## EXERCISE DETAILS:
Starting at the line that contains "4. Estado: información" and stopping at the line that contains "红色经典润心田,青春壮志展华", restate each line of the records below exactly. Omit the pictures.
-- RECORD SET follows --
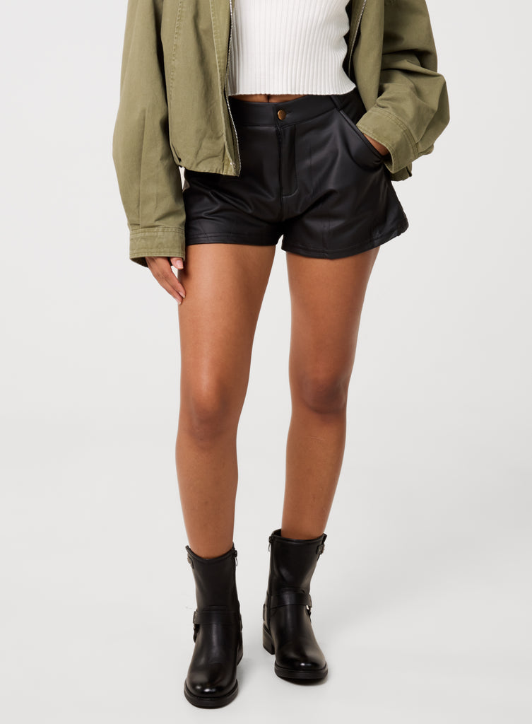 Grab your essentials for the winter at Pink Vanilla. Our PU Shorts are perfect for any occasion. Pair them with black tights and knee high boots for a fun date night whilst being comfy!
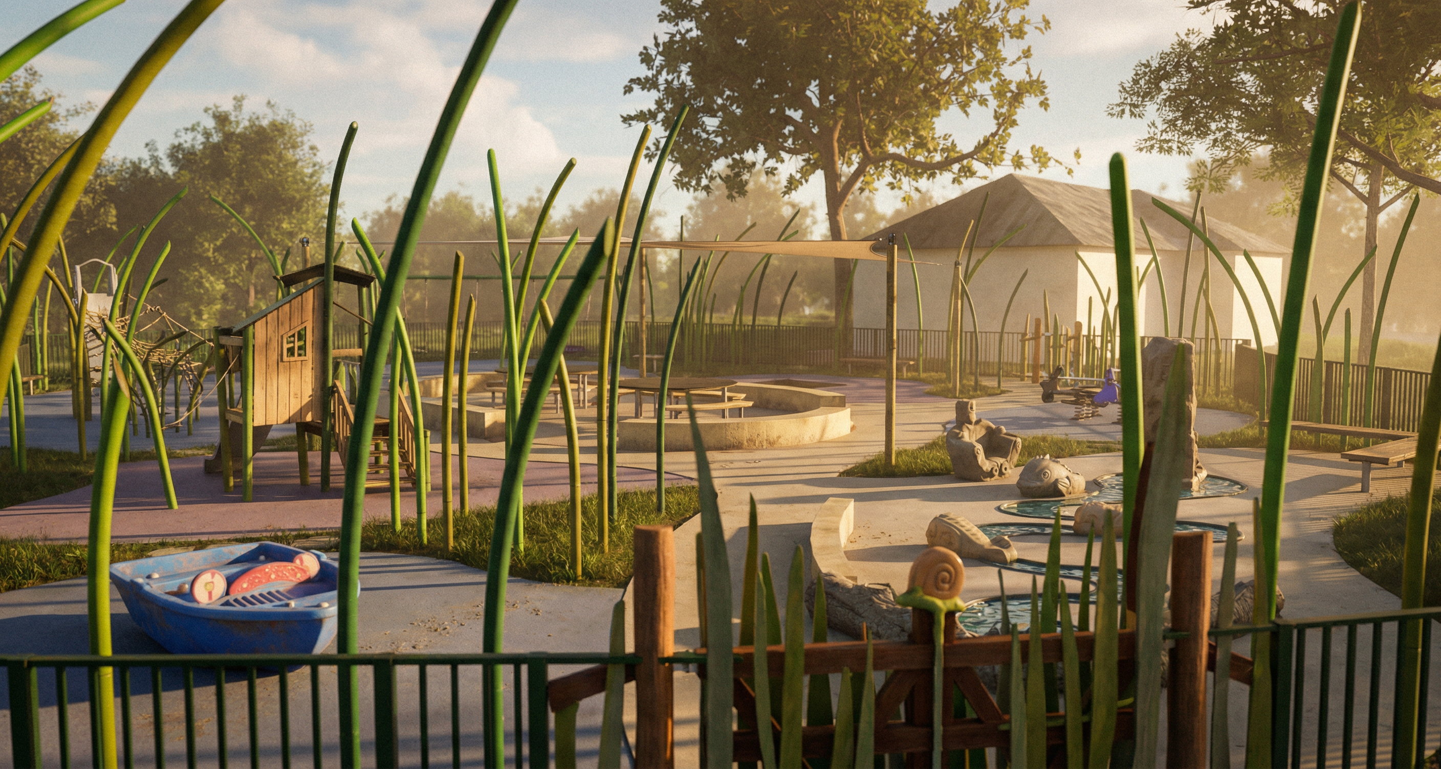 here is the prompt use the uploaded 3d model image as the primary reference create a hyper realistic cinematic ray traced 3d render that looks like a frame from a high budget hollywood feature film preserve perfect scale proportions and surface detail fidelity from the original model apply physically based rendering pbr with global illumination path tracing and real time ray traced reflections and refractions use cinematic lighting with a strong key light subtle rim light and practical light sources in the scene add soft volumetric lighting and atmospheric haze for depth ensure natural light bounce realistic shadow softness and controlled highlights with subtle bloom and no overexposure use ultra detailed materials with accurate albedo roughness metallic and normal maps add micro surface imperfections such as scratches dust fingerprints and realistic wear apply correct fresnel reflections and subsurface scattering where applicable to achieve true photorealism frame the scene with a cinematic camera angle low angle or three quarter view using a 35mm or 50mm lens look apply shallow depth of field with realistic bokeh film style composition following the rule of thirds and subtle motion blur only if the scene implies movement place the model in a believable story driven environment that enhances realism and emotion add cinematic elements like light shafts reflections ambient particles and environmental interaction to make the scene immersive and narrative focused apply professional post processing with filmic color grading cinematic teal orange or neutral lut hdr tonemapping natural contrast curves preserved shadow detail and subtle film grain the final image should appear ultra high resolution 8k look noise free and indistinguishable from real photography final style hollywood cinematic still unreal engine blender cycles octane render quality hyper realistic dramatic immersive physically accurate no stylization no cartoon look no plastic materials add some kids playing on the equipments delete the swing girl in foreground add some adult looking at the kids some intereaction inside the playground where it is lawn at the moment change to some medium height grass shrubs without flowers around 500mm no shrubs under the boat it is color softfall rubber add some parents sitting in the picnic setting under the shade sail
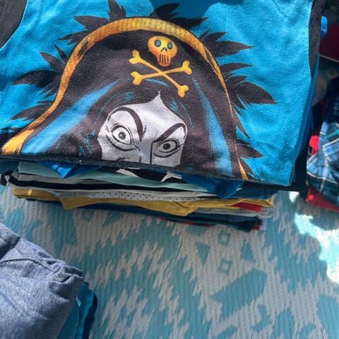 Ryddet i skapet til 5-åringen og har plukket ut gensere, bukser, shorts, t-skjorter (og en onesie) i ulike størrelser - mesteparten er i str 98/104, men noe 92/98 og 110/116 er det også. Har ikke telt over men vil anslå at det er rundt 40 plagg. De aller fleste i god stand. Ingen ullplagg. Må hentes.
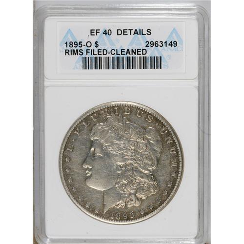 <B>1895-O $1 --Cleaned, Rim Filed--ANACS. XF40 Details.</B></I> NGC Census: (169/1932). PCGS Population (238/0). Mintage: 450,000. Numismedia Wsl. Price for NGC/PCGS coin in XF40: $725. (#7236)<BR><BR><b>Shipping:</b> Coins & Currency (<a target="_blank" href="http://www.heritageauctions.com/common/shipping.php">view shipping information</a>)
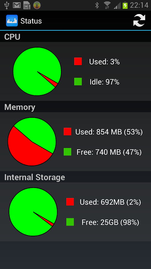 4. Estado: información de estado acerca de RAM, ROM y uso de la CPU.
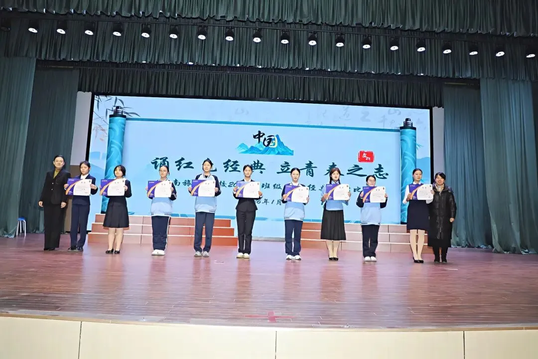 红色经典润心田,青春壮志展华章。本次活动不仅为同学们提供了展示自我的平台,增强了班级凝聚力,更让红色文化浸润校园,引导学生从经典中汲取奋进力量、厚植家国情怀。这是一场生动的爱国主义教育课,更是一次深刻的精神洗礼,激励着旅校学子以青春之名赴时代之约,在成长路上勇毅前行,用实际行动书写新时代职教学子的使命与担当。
-- RECORD SET concluded --
-- RECORD SET follows --
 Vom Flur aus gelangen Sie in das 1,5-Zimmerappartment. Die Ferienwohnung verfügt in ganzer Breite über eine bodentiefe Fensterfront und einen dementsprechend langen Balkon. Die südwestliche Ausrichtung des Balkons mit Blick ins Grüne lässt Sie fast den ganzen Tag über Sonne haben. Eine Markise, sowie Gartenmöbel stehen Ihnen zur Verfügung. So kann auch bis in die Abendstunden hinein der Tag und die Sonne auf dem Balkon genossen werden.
-- RECORD SET concluded --
## YOUR RESPONSE:
 4. Estado: información de estado acerca de RAM, ROM y uso de la CPU.
 红色经典润心田,青春壮志展华章。本次活动不仅为同学们提供了展示自我的平台,增强了班级凝聚力,更让红色文化浸润校园,引导学生从经典中汲取奋进力量、厚植家国情怀。这是一场生动的爱国主义教育课,更是一次深刻的精神洗礼,激励着旅校学子以青春之名赴时代之约,在成长路上勇毅前行,用实际行动书写新时代职教学子的使命与担当。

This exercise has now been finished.